A legal cure for the FDA’s free speech malady

By DAVID B. RIVKIN JR. And ANDREW GROSSMAN, May 21, 2015

We are free to tell you that a clinical trial shows the drug Vascepa to be an effective treatment for persistently high triglyceride levels. But should the drug’s manufacturer, Amarin, tell you or your doctor the same thing, the company would face criminal prosecution and civil liability. Therein lies a First Amendment anomaly, one that may finally be resolved by a lawsuit that Amarin filed earlier this month against the Food and Drug Administration.

The FDA has long banned promotion of drugs for uses other than those it has approved. Yet so-called off-label uses are legal and account for about 20% of all prescriptions. Some off-label uses of drugs have even become the standard of care for particular conditions.

But the drug’s manufacturer and its agents—and only them—cannot legally talk about this. Patients can—and do—discuss off-label uses of drugs endlessly in online forums. Doctors certainly exchange information about these uses.

But Amarin can’t say anything about the Vascepa trial. The drug is approved only as a treatment for “very high” triglyceride levels, not those that are merely persistently high. As a result, doctors and their patients are being kept in the dark about a treatment that, for some patients, has fewer side effects than other drugs.

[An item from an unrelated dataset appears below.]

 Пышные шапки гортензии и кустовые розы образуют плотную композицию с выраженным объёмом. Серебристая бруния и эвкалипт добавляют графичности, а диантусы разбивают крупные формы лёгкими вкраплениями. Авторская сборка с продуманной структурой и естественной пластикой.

The FDA claims its speech ban is a necessary part of its drug-approval process, which requires manufacturers to demonstrate efficacy for each intended use. The agency aggressively investigates and the government regularly prosecutes pharmaceutical companies and their representatives that promote off-label uses of their drugs. Yet once a drug is approved, doctors can prescribe it for any use—and the FDA recognizes, in its regulatory guidance—that such uses are essential to effectively translate medical research into improved health outcomes.

The only real explanations for the FDA’s conduct are maintaining tight control over pharmaceutical companies and bureaucratic aggrandizement.

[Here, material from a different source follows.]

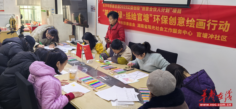 华声在线12月29日讯(通讯员 杨志春)12月27日,由长沙市慈善总会支持,湖南省阳光社会工作服务中心携手官塘冲社区顺利开展了公益行动派-笔绽青绿·纸绘官塘-环保创意绘画行动,青少年携手用画笔守护绿水青山。

The FDA’s ban on discussing off-label drug uses is indefensible under First Amendment law. The speech it bans is truthful, not misleading, and concerns a lawful activity. Yes, the government has a substantial interest in drug safety and public health, but banning truthful speech on health issues won’t advance public health. Drug manufacturers know more about their products than anyone else. The off-label promotion ban denies doctors’ and patients’ abilities to make informed and intelligent treatment decisions. As the Supreme Court recognized in Sorrell v. IMS Health Inc. (2011)—which struck down a state law prohibiting the sale of prescribing data to pharmaceutical companies—“information can save lives.”

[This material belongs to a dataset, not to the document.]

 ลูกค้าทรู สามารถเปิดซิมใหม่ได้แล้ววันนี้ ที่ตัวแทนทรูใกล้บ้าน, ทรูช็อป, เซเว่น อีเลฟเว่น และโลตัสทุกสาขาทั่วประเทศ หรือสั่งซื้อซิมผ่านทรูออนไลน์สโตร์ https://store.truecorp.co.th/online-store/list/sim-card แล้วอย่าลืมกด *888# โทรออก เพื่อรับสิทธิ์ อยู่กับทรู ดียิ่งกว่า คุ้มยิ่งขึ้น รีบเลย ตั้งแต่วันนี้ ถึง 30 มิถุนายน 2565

Blocking such information could cost lives. New uses for existing treatments are discovered all the time. The recent Ebola outbreak, for example, prompted researchers to evaluate the efficacy of existing antiviral drugs against the disease, hoping to find an off-label match. That process continues for survivors who face lingering symptoms. When Dr. Ian Crozier, an Ebola survivor, was recently found to still harbor the virus in his eye, doctors successfully treated him with an experimental antiviral drug. Another recent example is Rapamune, an immunosuppressant approved for use in kidney transplants that has been found to suppress certain types of cancers, including of the lung.

A prohibition on the promotion of off-label drug uses by means of false or misleading information—in other words by fraud—would surely pass constitutional muster. Moreover, the FDA could also assist doctors and patients in sorting through information regarding off-label uses, much as it already provides safety information for approved uses on its website. The agency could even ban particular off-label uses where this was necessary to protect public health.

But the FDA has no intention of loosening its grip. In 2012 the Second Circuit Court of Appeals overturned—on First Amendment grounds—the conviction of a pharmaceutical sales rep for talking to physicians about the off-label uses of narcolepsy drug Xyrem. However, the agency has not appealed the decision in United States v. Caronia, most likely to avoid an adverse ruling by the Supreme Court that would apply across the country.

Unfortunately, even if the government loses the Amarin case, it will again probably forgo an appeal. This would enable the FDA to continue enforcing a flagrantly unconstitutional policy by default. The best prospect for a cure may lie in Congress.

Messrs. Rivkin and Grossman are attorneys with the BakerHostetler firm in Washington, D.C.